The lives of people who try to combat anxiety become much smaller in the long term. Your life shrinks. Anxiety is fear of losing something you have. The more people and things you love, the more exposed you are to loss, and the way to reduce that vulnerability is to reduce those connections.

It doesn't seem like a good idea.

It is not. At a deep level, anxiety triggers when we cannot maintain connection with our essential environment. We worry that we are not good, strong, virtuous, and loving enough for others.

We are social beings.

Harry Harlow did a lot of experiments on attachment and said that a monkey is just a dead monkey, and for millions of years that is the truth that we have evolved on at an evolutionary level.

If anxiety is the price of living, is it about accepting it?

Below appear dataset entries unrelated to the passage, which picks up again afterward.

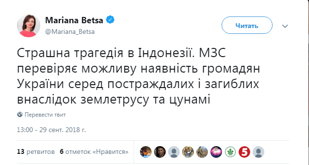 Вчера, 28 сентября, в Индонезии произошло сильнейшее землетрясение, которое вызвало появление цунами. Более 400 человек погибли в результате стихийного бедствия. Были ли среди них украинцы, проверяет Министерство иностранных дел. Об этом на своей странице в Twitter сообщила экс-пресс-секретарь МИД Марьяна Беца.
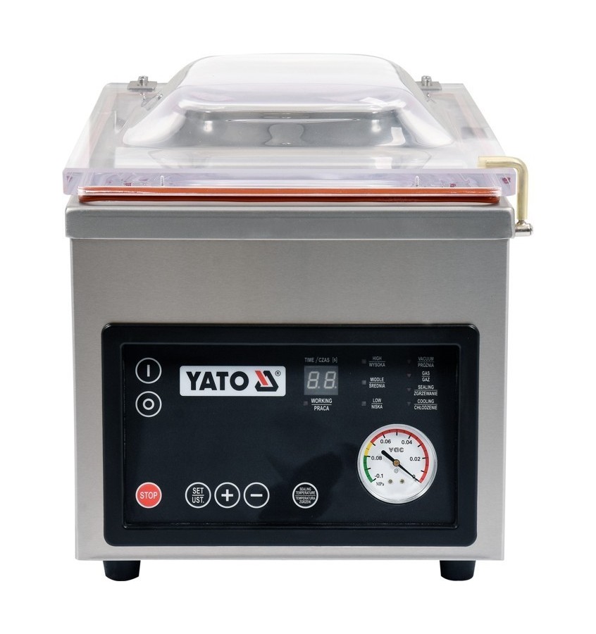 Pakowarka próżniowa marki YATO wykonana jest z najwyższej jakości surowców. Komora próżniowa, o wymiarach 385x280x50(100), zrobiona jest z grubej i masywnej stali nierdzewnej, co gwarantuje bardzo długi okres użytkowania. Zaokrąglone kształty ułatwiają utrzymanie jej w czystości.
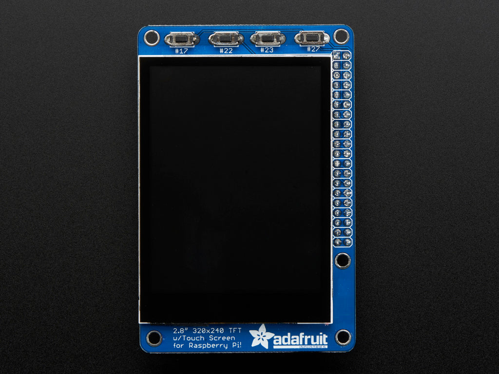 Is this not the cutest little display for the Raspberry Pi? It features a 2.8" display with 320x240 16-bit color pixels and a capacitive touch overlay. That's right, instead of a resistive touchscreen, which requires a fingernail or stylus, you can now use a fingerpad. The screen looks much nicer, with a black bezel and glass overlay. If you don't need a capacitive touchscreen, check out the resistive touch version.
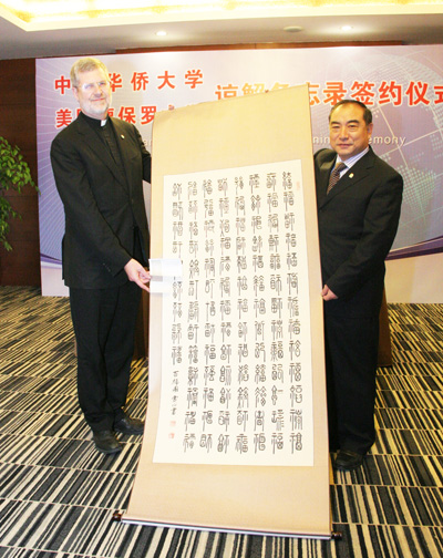 华侨大学与美国德保罗大学签署合作备忘录,华侨大学校长贾益民、德保罗大学校长富兰克林·霍尔茨施耐德分别代表双方在备忘录上签字。
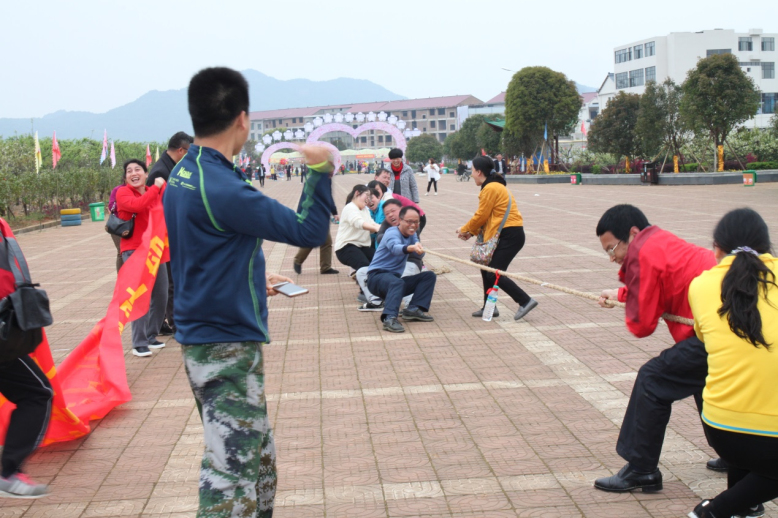 在下午的“拔河”比赛中,参与拔河的队员,出场时个个摩拳擦掌,精神饱满。拔河一开始,各队队员心往一处想,劲往一处使,当两队处于胶着状态时,队员们人人咬紧牙关,坚持、坚持,再坚持;啦啦队员齐声加油,活动现场呐喊声、喝彩声、欢笑声不断,将活动推向了高潮。
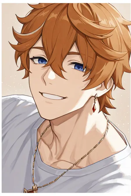 tartaglia (genshin impact)-12th_1male focus, blue_tartaglia (genshin impact)_eyes, orange_tartaglia (genshin impact)_hair, tartaglia (genshin impact)_jewelry
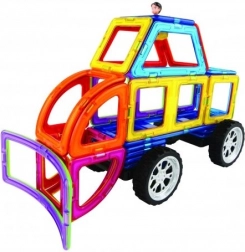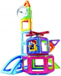 Set met een groot aantal basis- en ronde onderdelen en accessoires. Geschikt voor grotere architectonische bouwwerken, auto’s, machines, draaimolens, vliegtuigen, en ook voor liefhebbers van dieren, dinosaurussen en denkbeeldige bovennatuurlijke wezens. De set is zeer rijk aan accessoires voor de bouw van huizen en kastelen, zoals verschillende soorten ramen, bakstenen inzetstukken, balkons en bomen. Voor inspiratie is er een gedetailleerd uitgewerkt boekje inbegrepen. Aantal onderdelen: 115 20 driehoeken, 30 vierkanten, 2 vijfhoeken, 2 zeshoeken, 4 hoge driehoeken, 4 dubbele rechthoeken, 1 driedubbele rechthoek, 4 ruiten, 4 trapeziums, 4 sectoren, 4 lange sectoren, 1 propeller, 2 enkele ramen, 2 dubbele ramen, 2 balkons, 6 bakstenen inzetstukken, 2 gedeelde ramen en 2 bomen, 2 figuren, 2 dubbelwielen, 2 bogen, 2 lange bogen en andere accessoires. De creatieve magnetische bouwset Magformers maakt het mogelijk om een groot aantal driedimensionale objecten te bouwen met behulp van tweedimensionale kunststof veelhoeken. Magformers traint de fijne motoriek, stimuleert creativiteit en leert kinderen kleuren en basisgeometrische vormen. De afmetingen van de onderdelen en de zorgvuldig gekozen vormen zorgen voor maximale veiligheid van het speelgoed. Het materiaal waarvan de set is gemaakt, voldoet aan de strengste hygiënische en gezondheidscriteria. De onderdelen zijn groot genoeg om niet ingeslikt te kunnen worden en zijn praktisch onbreekbaar. MAGFORMERS kan ook zeer goed worden gecombineerd met de bekende magnetische bouwset Geomag. Illustratieve video van de magnetische bouwset Magformers Mastermind
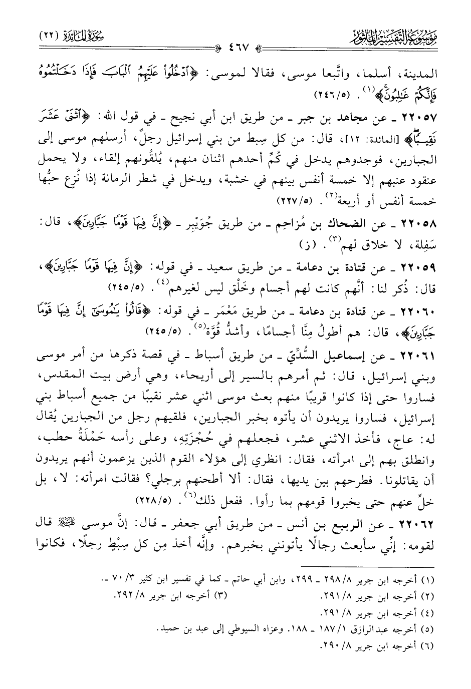 ٢٢٠٦١ - عن إسماعيل السُّدِّيّ -من طريق أسباط- في قصة ذكرها من أمر موسى وبني إسرائيل، قال: ثم أمرهم بالسير إلى أريحاء، وهي أرض بيت المقدس، فساروا حتى إذا كانوا قريبًا منهم بعث موسى اثني عشر نقيبًا من جميع أسباط بني إسرائيل، فساروا يريدون أن يأتوه بخبر الجبارين، فلقيهم رجل من الجبارين يُقال له: عاج، فأخذ الاثني عشر، فجعلهم في حُجْزَتِهِ، وعلى رأسه حَمْلَةُ حطب، وانطلق بهم إلى امرأته، فقال: انظري إلى هؤلاء القوم الذين يزعمون أنهم يريدون أن يقاتلونا. فطرحهم بين يديها، فقال: ألا أطحنهم برجلي؟ فقالت امرأته: لا، بل خلِّ عنهم حتى يخبروا قومهم بما رأوا. ففعل ذلك (¬٦). (٥/ ٢٢٢٨)

It's about openness, about being involved with your own life. At some point everyone's heart breaks and the common reaction is to isolate yourself, to avoid it happening again. What would it mean to do the opposite, open your heart?

Your acceptance and openness therapy?

If you run away from relationships because they have harmed you, it will be unlikely that anyone will harm you; but the absence of a relationship will hurt you.

What do you propose to make anxiety our friend?

Ask yourself this question: in a world where anxiety was not imprisoning me, in what way and where would my life expand: would I paint, dance, who would I like to connect with, or what projects would I do?

And isn't that frustrating?

Find other people who are doing those things that you would do and interact with them on a regular basis even if it is minimally, everything has to do with direction, start very small but persistently.

Give me more ideas to approach anxiety appropriately.

We tell ourselves stories about ourselves throughout our lives: “At parties I'm the dull one” or “I'm not an intelligent person.” In certain situations that story will be triggered and you will suffer anxiety, the idea is to carry those stories with kindness.

How do you embrace feeling unintelligent?

Imagine that your child is afraid of showing himself to the group. Are you going to hide him in a cave or are you going to help him approach that situation with love and without forcing? How easy it is to imagine that with a child and how difficult it is to imagine it with ourselves.

Self love.

The misalignment between the direction of our life and what we really want causes us anxiety and discomfort. This is where identifying the values ​​that are important to each of you comes into play.

Give me more ideas to cope with anxiety.

Notice how you ask your question, as if you have to first resolve anxiety and then live, and life doesn't work like that. Anxiety or depression emerge from our personal history. There are people more vulnerable than others, I, for example, am tremendously vulnerable because I have buried three of my brothers at 36, 45 and 53 years old.

Wow, how hard.

They all died for rejecting suffering. There are no tricks to avoid suffering, in the face of suffering the choice is to experience life.

And what experience does it offer us?

The question is where do you hide to feel safe, I used drugs and alcohol and looked for a community that could help me.

I understand, he came out of hiding.

When you do yoga, as you move you find the place where there is resistance, a lack of flexibility... Your psychology is the same, for some it is intimate relationships, work. Where you find that lack of flexibility is where your practice is.